Pitfall 4: Insufficient Degrees of Freedom

Problem: Simple parameterizations cannot satisfy all constraints simultaneously Solution: Analyze degrees of freedom before implementation; plan for more flexible parameterizations

Pitfall 5: Syntax Errors from Truncated Writes

Problem: File writes are truncated, leaving incomplete code Solution: Verify file content after every write by reading it back or attempting to import/execute

Pitfall 6: No Feasibility Analysis

Problem: Attempting optimization without verifying a solution exists Solution: Mathematically analyze constraints to establish feasibility before coding

Pitfall 7: Convergence to Local Minima

Problem: Optimization finds a local minimum that doesn't satisfy constraints Solution: Try multiple initializations; use grid search over discrete parameters; verify final solution

Pitfall 8: Floating-Point Precision Issues

Problem: Probability sum not exactly 1.0 due to floating-point arithmetic Solution: Use appropriate tolerances; normalize probabilities after construction; verify precision is acceptable for the task

KL Divergence Reference

Definitions

Forward KL (information projection):

D_KL(P || Q) = sum_i P(i) * log(P(i) / Q(i))

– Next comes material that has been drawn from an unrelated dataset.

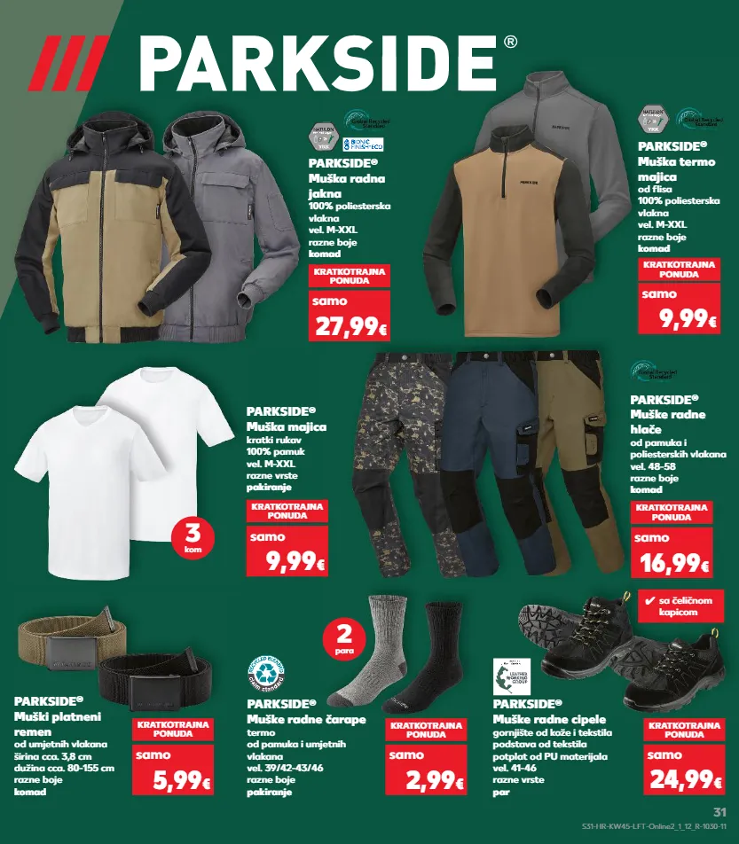 3 kom kratkotrajna ponuda samo 16,99 € kratkotrajna ponuda samo 9,99 € parkside ® muška majica kratki rukav 100% pamuk vel. m-xxl razne vrste pakiranje kratkotrajna ponuda samo 9,99 € parkside ® muške radne hlače od pamuka i poliesterskih vlakana vel. 48-58 razne boje komad kratkotrajna ponuda samo 27,99 € parkside ® muška radna jakna 100% poliesterska vlakna vel. m-xxl razne boje komad parkside ® muška termo majica od flisa 100% poliesterska vlakna vel. m-xxl razne boje komad parkside ® muške radne cipele gornjište od kože i tekstila podstava od tekstila potplat od pu materijala vel. 41-46 razne vrste par kratkotrajna ponuda samo 24,99 € 2 para parkside ® muški platneni remen od umjetnih vlakana širina cca. 3,8 cm dužina cca. 80-155 cm razne boje komad kratkotrajna ponuda samo 5,99 € parkside ® muške radne čarape termo od pamuka i umjetnih vlakana vel. 39/42-43/46 razne boje pakiranje kratkotrajna ponuda samo 2,99 € ✓ sa čeličnom kapicom s31-hr-kw45-lft-online2_1_12_r-1030-11 31
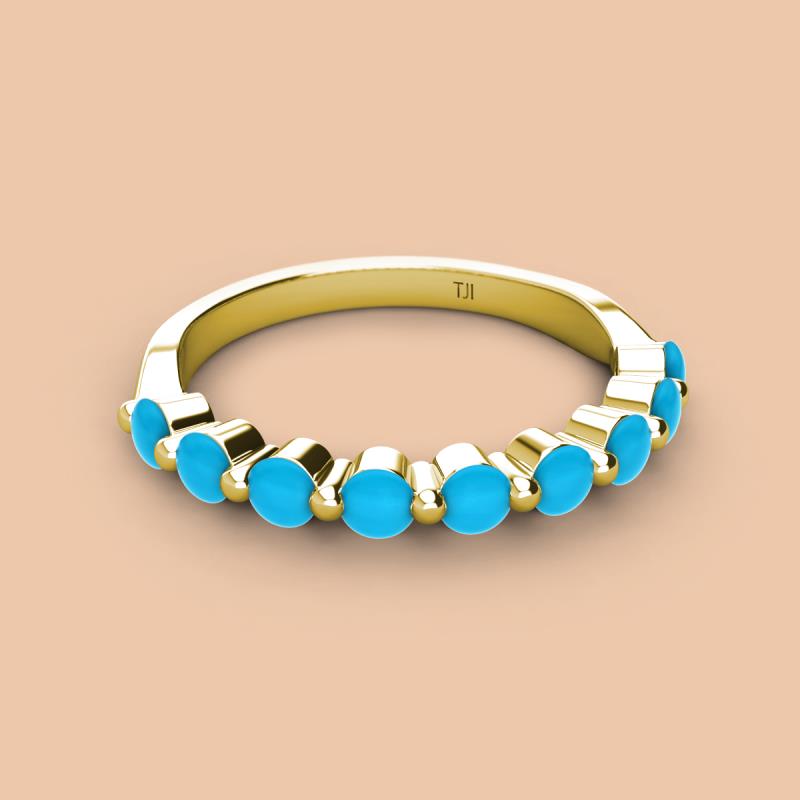Round Turquoise 0.63 ctw 9 Stone Women Wedding Band Stackable 10K Yellow Gold More Details ...

Backward KL (moment projection):

D_KL(Q || P) = sum_i Q(i) * log(Q(i) / P(i))

Properties

KL divergence is non-negative: D_KL >= 0
KL divergence is asymmetric: D_KL(P || Q) != D_KL(Q || P) in general
When Q is uniform over V elements: D_KL(P || Q) = log(V) - H(P)
KL divergence can be infinite if P has support where Q is zero

Closed-Form for Two-Group Distributions

For P with k elements at probability p_high and (V-k) elements at probability p_low, with Q uniform:

D_KL(P || Q) = k * p_high * log(p_high * V) + (V - k) * p_low * log(p_low * V)
D_KL(Q || P) = (1/V) * [k * log(1 / (V * p_high)) + (V - k) * log(1 / (V * p_low))]
             = (1/V) * [-k * log(V * p_high) - (V - k) * log(V * p_low)]

Iterative Refinement Pattern

When initial approaches fail:

Diagnose the failure: Understand why constraints aren't satisfied
Check mathematical feasibility: Re-verify that a solution exists
Increase flexibility: Add more parameters or groups
Adjust optimization method: Try different solvers or initialization strategies
Verify incrementally: Test each component in isolation before integration

Avoid completely rewriting from scratch each time; instead, modularly modify specific components.